Прохождение и нашествия войск стали теперь не так часты, потому что повстанцы, укрывшиеся в лесах, отвлекали противника от населенных мест. Кроме того, главные действия партизан переместились в другие края.
Обитательницы старой усадьбы пользовались этим и не покладая рук работали с утра до поздней ночи. Ведь столько надо было сделать! Они громко смеялись и говорили только о веселых вещах, чтобы скрыть свои подлинные чувства, а, впрочем, может быть и для того, чтобы смех пересилил плач, таившийся в сердце. Но это не всегда удавалось.
Однажды в солнечный день в саду проветривали сундуки, наглухо запертые всю зиму. Вынутые вещи обе родственницы развешивали в саду. Они были поглощены работой и от этого им было весело. Но вот пани Рудецкая ушла в дом и долго не возвращалась. И вдруг молодая девушка услышала откуда-то из глубины дома спазматический крик. Бросившись туда, она побежала из комнаты в комнату и в углу столовой – большой комнаты возле кухни – она застала пани Рудецкую, сидящую на полу за шкафом.

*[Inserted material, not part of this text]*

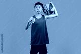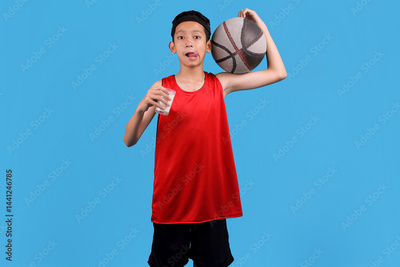 Healthy Asian boy proudly holding milk and basketball in vibrant studio portrait.

Несчастная мать нашла в ящике детское платье Гутя, сына, изрубленного на куски в восстании. Схватив старую курточку с золотыми пуговицами, она прижала ее к груди и, сидя на корточках на полу, покачивалась, обезумев от горя. Дикий крик, похожий на крик коршуна, вырывался сквозь ее стиснутые зубы. Когда ее подняли с пола, она открыла глаза, пришла в себя, извинилась за свою несдержанность и снова взялась за работу.
Все вести извне, всякий стук колес во дворе вызывали дрожь, панику, мучительную необходимость бежать и скрываться в тайники и убежища. Оттого-то в нездольской усадьбе возненавидели грохот колес и конский топот. Между тем, как-то после обеда во второй половине мая у крыльца дома остановилась большая сверкающая карета, запряженная четверкой откормленных, разгоряченных лошадей. Пани Рудецкая в страхе выбежала в сени и встала у входной двери, глядя наружу сквозь боковое оконце в ожидании какой-нибудь новой беды. Панна Саломея тоже рассматривала карету, прижавшись за занавеской в большой гостиной. К счастью, не мужчина вышел из кареты, а женщина, и это уже было некоторым облегчением. Прибывшая дама была высокого роста и, несмотря на седеющие волосы, со следами былой красоты на лице. Она подняла вуаль своей черной шляпы и оглядывалась кругом, видимо, ожидая, что кто-нибудь выйдет принять ее. Однако в те времена дома были негостеприимны, и люди не стремились видеть чужих. Хозяйка не спешила навстречу; она надеялась, что дама как приехала, так и уедет в своей блестящей карете. Но дама в черном приблизилась к крыльцу и остановилась возле ступенек. Хотя ступенек было немного, казалось, что она не может по ним подняться. Пришлось открыть дверь и выйти навстречу. Когда хозяйка появилась на пороге, приезжая, увидев ее, кивнула несколько раз головой. Она была бледна как полотно, с темными кругами под глазами и синевой вокруг рта. Стоя на первой ступеньке крыльца, она споткнулась о вторую и как-то неловко коснулась ее коленом. Дрожащим голосом, сквозь зубы, стучавшие как в лихорадке, она спросила:
– Это усадьба имения Нездолы?
– Да… – ответила хозяйка.
– Так вы, вероятно, пани Рудецкая?
– Да, это я…
– Мне сказали… Я узнала, что здесь лечился зимой раненый… Я ищу три месяца. Мне говорили… Это молодой человек. Брюнет. Худощавый. Высокий.
– А как фамилия?
– Фамилия Одровонж, имя – Юзеф.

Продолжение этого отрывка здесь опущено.